:: WORK ITEM ::
Starting at the line that contains "Adalberto Pereira, prefeito", reproduce every line through the end of the entries below, with no pictures in the copy.

-- Opening Marker --

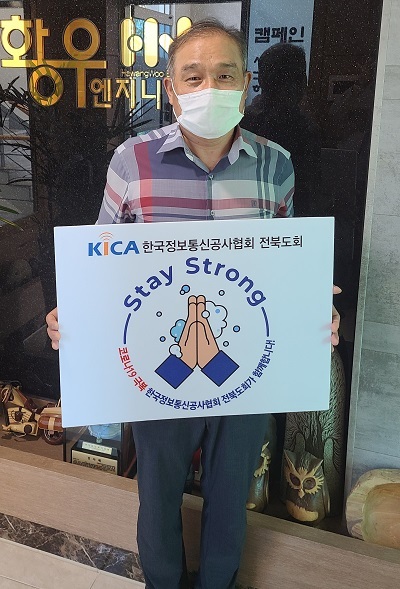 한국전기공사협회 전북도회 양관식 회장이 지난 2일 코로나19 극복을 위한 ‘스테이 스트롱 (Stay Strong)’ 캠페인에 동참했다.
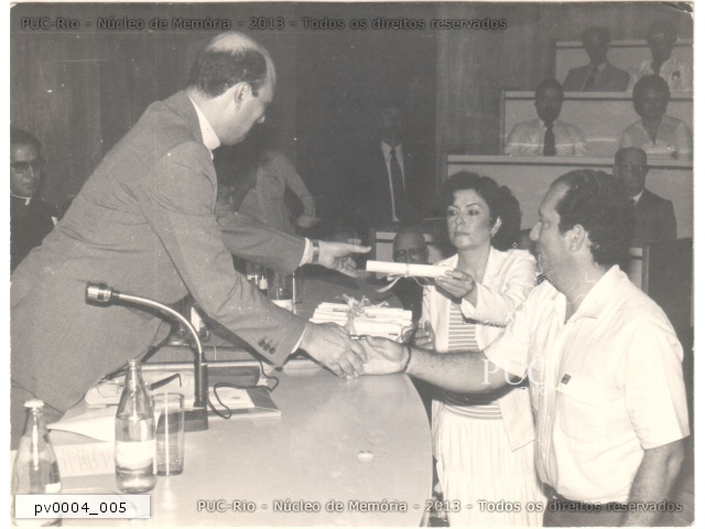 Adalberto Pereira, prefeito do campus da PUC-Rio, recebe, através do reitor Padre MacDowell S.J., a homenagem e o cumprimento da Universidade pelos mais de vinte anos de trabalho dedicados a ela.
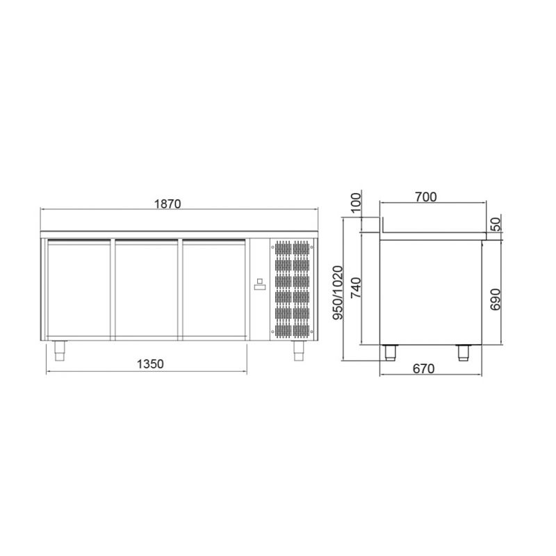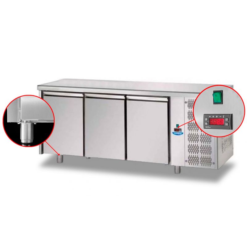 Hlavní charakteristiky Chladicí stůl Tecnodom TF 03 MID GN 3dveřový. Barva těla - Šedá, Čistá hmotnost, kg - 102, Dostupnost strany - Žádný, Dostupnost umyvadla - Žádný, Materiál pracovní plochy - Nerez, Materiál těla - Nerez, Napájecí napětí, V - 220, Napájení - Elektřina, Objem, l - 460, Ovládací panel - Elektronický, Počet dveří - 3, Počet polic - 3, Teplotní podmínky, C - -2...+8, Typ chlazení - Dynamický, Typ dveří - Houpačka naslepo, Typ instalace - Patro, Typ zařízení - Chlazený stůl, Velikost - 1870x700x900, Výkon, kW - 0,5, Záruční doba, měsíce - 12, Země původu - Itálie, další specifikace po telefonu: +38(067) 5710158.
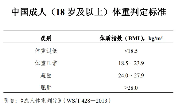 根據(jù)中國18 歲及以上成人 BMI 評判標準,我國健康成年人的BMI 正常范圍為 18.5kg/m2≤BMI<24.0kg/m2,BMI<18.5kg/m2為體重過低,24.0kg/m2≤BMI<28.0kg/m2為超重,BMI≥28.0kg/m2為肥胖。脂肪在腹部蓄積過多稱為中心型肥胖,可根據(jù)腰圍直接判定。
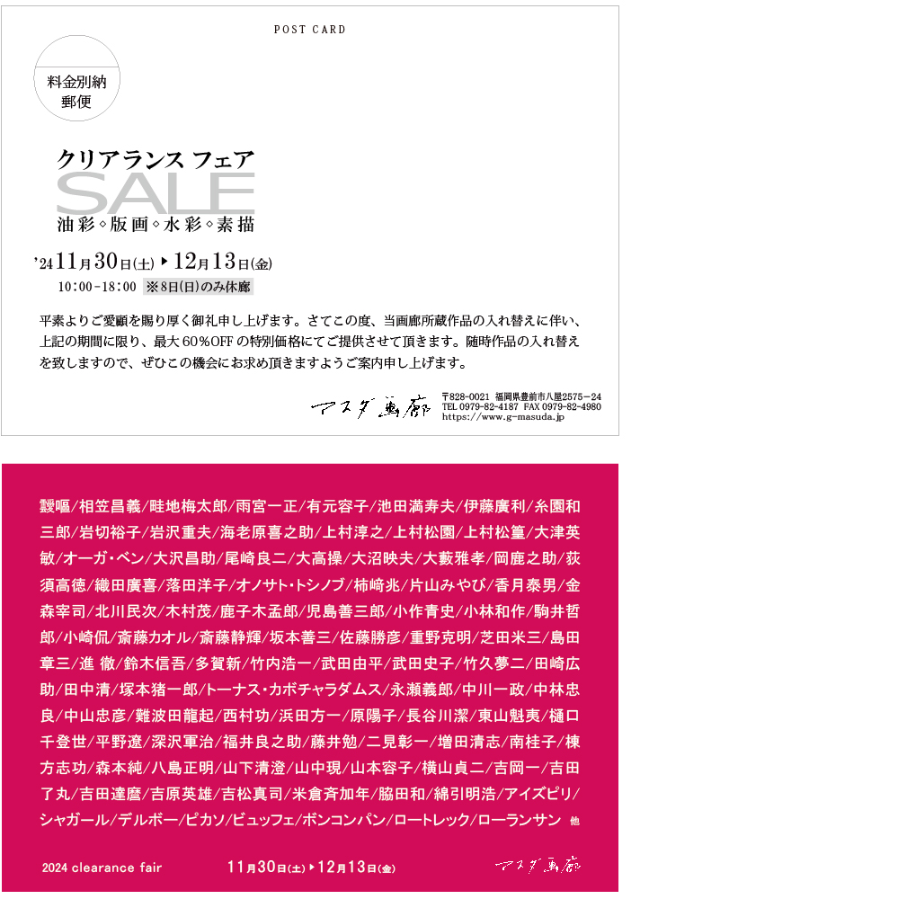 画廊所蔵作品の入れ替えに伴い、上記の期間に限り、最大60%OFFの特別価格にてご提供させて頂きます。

-- Closing Marker --

:: TASK RESPONSE ::
 Adalberto Pereira, prefeito do campus da PUC-Rio, recebe, através do reitor Padre MacDowell S.J., a homenagem e o cumprimento da Universidade pelos mais de vinte anos de trabalho dedicados a ela.
 Hlavní charakteristiky Chladicí stůl Tecnodom TF 03 MID GN 3dveřový. Barva těla - Šedá, Čistá hmotnost, kg - 102, Dostupnost strany - Žádný, Dostupnost umyvadla - Žádný, Materiál pracovní plochy - Nerez, Materiál těla - Nerez, Napájecí napětí, V - 220, Napájení - Elektřina, Objem, l - 460, Ovládací panel - Elektronický, Počet dveří - 3, Počet polic - 3, Teplotní podmínky, C - -2...+8, Typ chlazení - Dynamický, Typ dveří - Houpačka naslepo, Typ instalace - Patro, Typ zařízení - Chlazený stůl, Velikost - 1870x700x900, Výkon, kW - 0,5, Záruční doba, měsíce - 12, Země původu - Itálie, další specifikace po telefonu: +38(067) 5710158.
 根據(jù)中國18 歲及以上成人 BMI 評判標準,我國健康成年人的BMI 正常范圍為 18.5kg/m2≤BMI<24.0kg/m2,BMI<18.5kg/m2為體重過低,24.0kg/m2≤BMI<28.0kg/m2為超重,BMI≥28.0kg/m2為肥胖。脂肪在腹部蓄積過多稱為中心型肥胖,可根據(jù)腰圍直接判定。
 画廊所蔵作品の入れ替えに伴い、上記の期間に限り、最大60%OFFの特別価格にてご提供させて頂きます。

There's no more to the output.